**DATA:**
········
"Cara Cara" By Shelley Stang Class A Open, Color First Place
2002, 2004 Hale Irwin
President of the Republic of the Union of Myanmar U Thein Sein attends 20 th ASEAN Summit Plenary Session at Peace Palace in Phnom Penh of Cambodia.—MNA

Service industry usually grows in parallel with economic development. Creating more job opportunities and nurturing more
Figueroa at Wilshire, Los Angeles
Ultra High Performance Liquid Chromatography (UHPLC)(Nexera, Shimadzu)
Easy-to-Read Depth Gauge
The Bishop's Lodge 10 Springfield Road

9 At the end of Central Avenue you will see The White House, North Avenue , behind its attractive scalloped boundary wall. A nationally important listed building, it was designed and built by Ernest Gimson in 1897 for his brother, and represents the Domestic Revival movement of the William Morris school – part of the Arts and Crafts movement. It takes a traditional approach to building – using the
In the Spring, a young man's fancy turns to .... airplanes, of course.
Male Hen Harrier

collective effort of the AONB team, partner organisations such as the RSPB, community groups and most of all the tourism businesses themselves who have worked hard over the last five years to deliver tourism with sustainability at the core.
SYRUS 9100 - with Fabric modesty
········
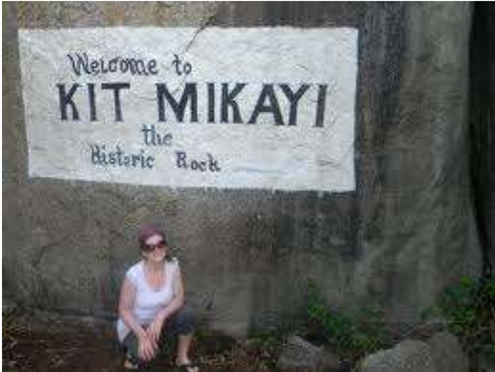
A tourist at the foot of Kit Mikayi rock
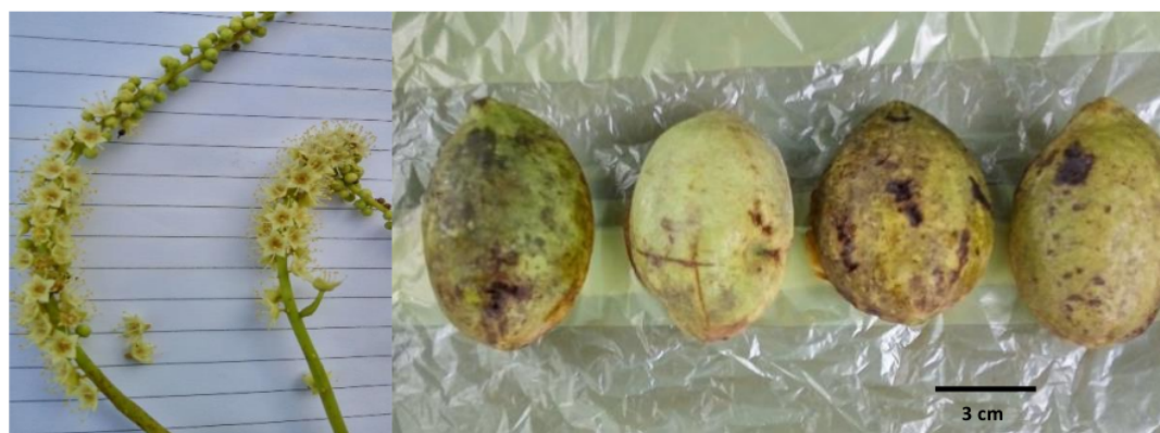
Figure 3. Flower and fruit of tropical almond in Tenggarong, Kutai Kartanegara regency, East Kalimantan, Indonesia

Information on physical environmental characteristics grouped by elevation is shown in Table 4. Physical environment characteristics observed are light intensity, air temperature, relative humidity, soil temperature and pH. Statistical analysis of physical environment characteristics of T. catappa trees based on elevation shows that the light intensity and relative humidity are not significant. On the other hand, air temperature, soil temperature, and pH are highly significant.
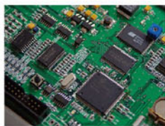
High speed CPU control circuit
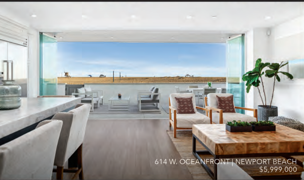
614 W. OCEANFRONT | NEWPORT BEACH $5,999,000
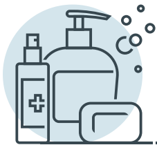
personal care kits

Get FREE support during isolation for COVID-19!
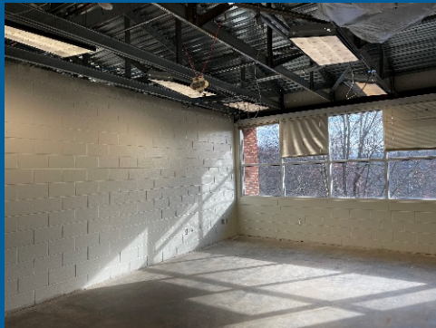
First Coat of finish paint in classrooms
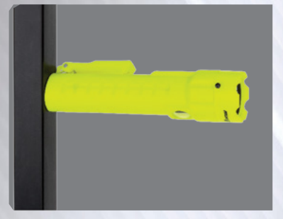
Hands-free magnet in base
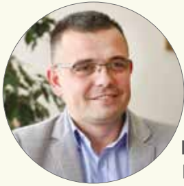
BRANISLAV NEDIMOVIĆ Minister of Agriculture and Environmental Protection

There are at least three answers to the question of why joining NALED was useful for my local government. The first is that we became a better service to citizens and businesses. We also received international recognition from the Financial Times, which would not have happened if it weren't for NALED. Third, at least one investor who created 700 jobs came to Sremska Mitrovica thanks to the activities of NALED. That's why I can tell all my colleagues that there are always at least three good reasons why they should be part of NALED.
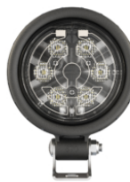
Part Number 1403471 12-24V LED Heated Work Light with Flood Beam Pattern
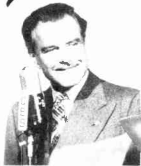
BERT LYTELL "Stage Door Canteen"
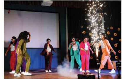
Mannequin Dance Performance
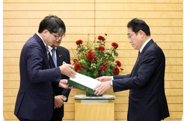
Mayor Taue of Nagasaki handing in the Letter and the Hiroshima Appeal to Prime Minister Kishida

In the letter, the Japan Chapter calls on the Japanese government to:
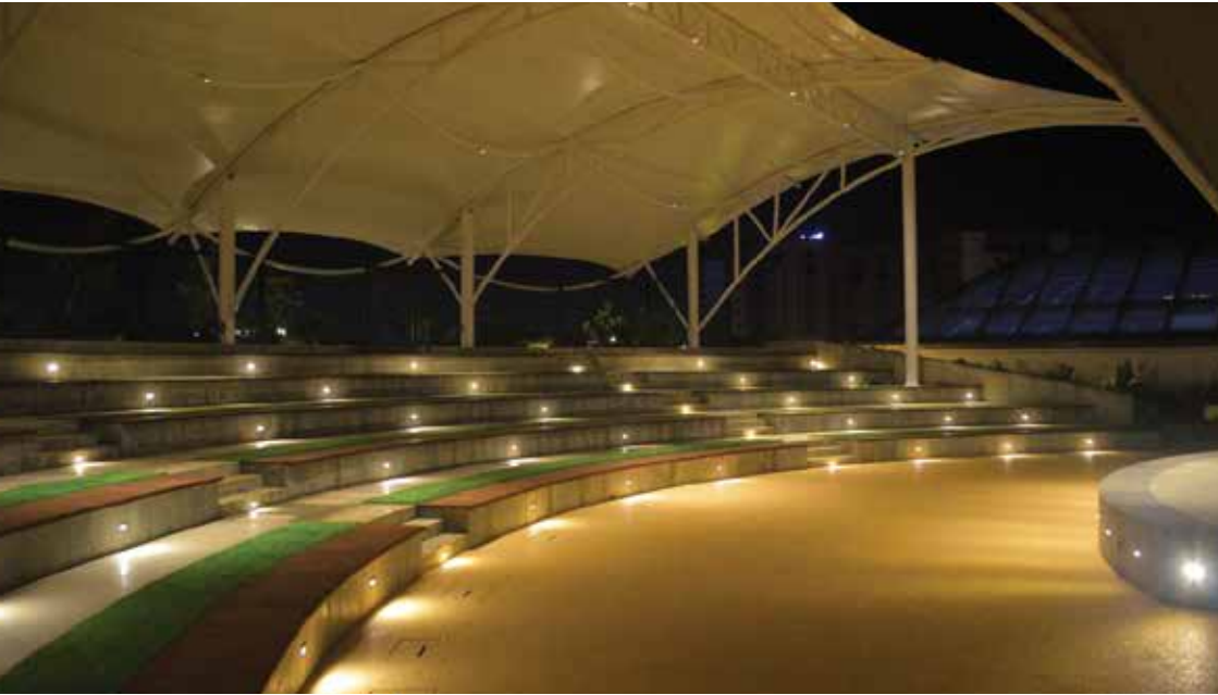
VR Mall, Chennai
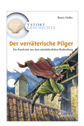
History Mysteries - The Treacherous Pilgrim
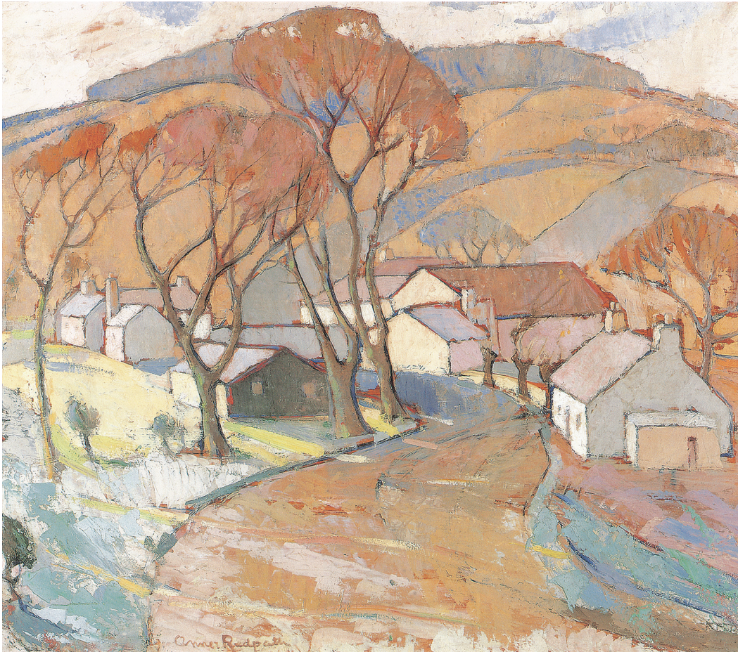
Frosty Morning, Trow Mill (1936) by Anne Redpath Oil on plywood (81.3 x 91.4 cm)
········
**PROBLEM REQUIREMENTS:** Starting at the line above that contains "In the Spring, a", write out each line exactly until the line that contains "SYRUS 9100 - with Fabric modesty" has been written, and stop there.

**ANSWER BOX:**
In the Spring, a young man's fancy turns to .... airplanes, of course.
Male Hen Harrier

collective effort of the AONB team, partner organisations such as the RSPB, community groups and most of all the tourism businesses themselves who have worked hard over the last five years to deliver tourism with sustainability at the core.
SYRUS 9100 - with Fabric modesty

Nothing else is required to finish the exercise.